Asylum abuse is relatively new in the United States, but we don't have to look very far to see what happens when an asylum system breaks down. All we have to do is look to Europe. On August 24, 2015, Germany's Chancellor Angela Merkel announced an open-door policy for refugees fleeing the wars, crime, and poverty of Africa and the Middle East. A mere three weeks later, on September 13, she tried to shut it again. To no avail. Once word got out that the route to Europe was open, hundreds of thousands of people were already in motion and determined to squeeze in at all costs.

The result was a two-year crisis that almost tore the European Union apart as more than one million refugees poured into Europe in 2015 alone.

In 2016 and 2017, the EU was forced into ever more aggressive tactics to turn back the flood. They paid North African countries to arrest people trying to leave, and paid Turkey to take back people who made it in. Norway even had to close its Arctic border with Russia to bicycle traffic, because refugees were using bikes to skirt rules prohibiting pedestrian crossings.

Now it's America’s turn. The first waves of more than 5000 refugees have set out from Honduras, Guatemala, and El Salvador bound for Texas. The main body is now gathered in a stadium in Mexico City for much-needed rest and recuperation while waiting for stragglers to catch up.

That these people are genuinely suffering back home in Central American is not in doubt. Nearly all live in extreme poverty, their children lacking any real educational opportunities. Many face violence from criminal gangs and even their governments. Some may qualify on that basis for asylum in the United States. But the reality of the migrants' suffering doesn't mean that they should necessarily be first in line for entry into the United States.

Everyone Wants In

In Bangladesh, an extremely poor country with a record of violence and dispossession, roughly 8 million people apply every year for the chance to resettle to America through the diversity visa program, widely known as the "Green Card Lottery." Throw in another 2 million Nigerians and a million Ukrainians, and you get some idea of the numbers of hard-working people who want nothing but safety, security, and educational opportunities for their children.
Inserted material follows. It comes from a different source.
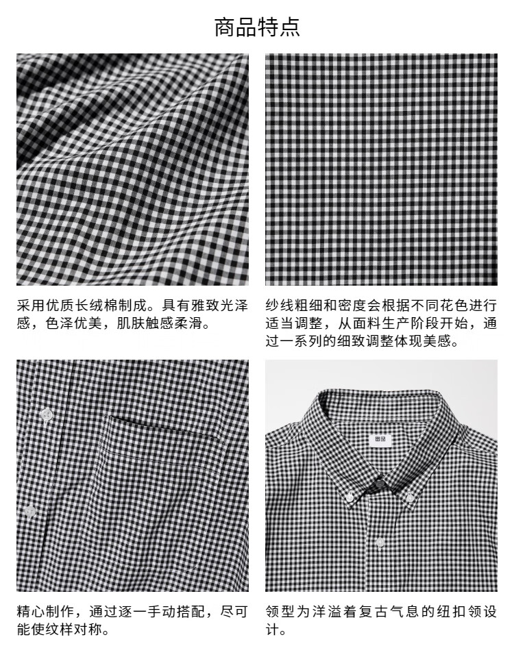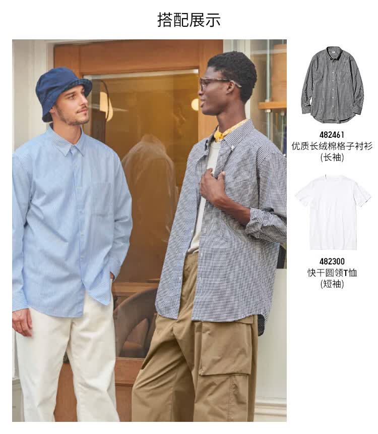 Uniqlo men's and women's high-quality long-staple cotton plaid shirt/long-sleeved shirt 26 spring and summer new style 482461 09 black M

People in all three of these countries routinely face the kinds of pressures that afflict the Central Americans in the migrant caravan making its way up from Mexico. Because they can't walk to the United States, they have to wait in line at consulates, make their applications, and wait for the results. It might be a good idea for the United States to set up a refugee processing center in Central America, but it's a terrible idea for that processing to be done at the border.

That's because a single crack in the border wall will bring millions of immigrants flowing in, just as it did in Europe three years ago. Thousands would die trying, just as they have in Europe. And within a few weeks, the United States would be looking to close its borders again, just as Europe did. That's just not the right way to run refugee policy. We can always do more to save the world, but opening the border isn't the way to do it.

Salvatore Babones is the author of The New Authoritarianism: Trump, Populism, and the Tyranny of Experts.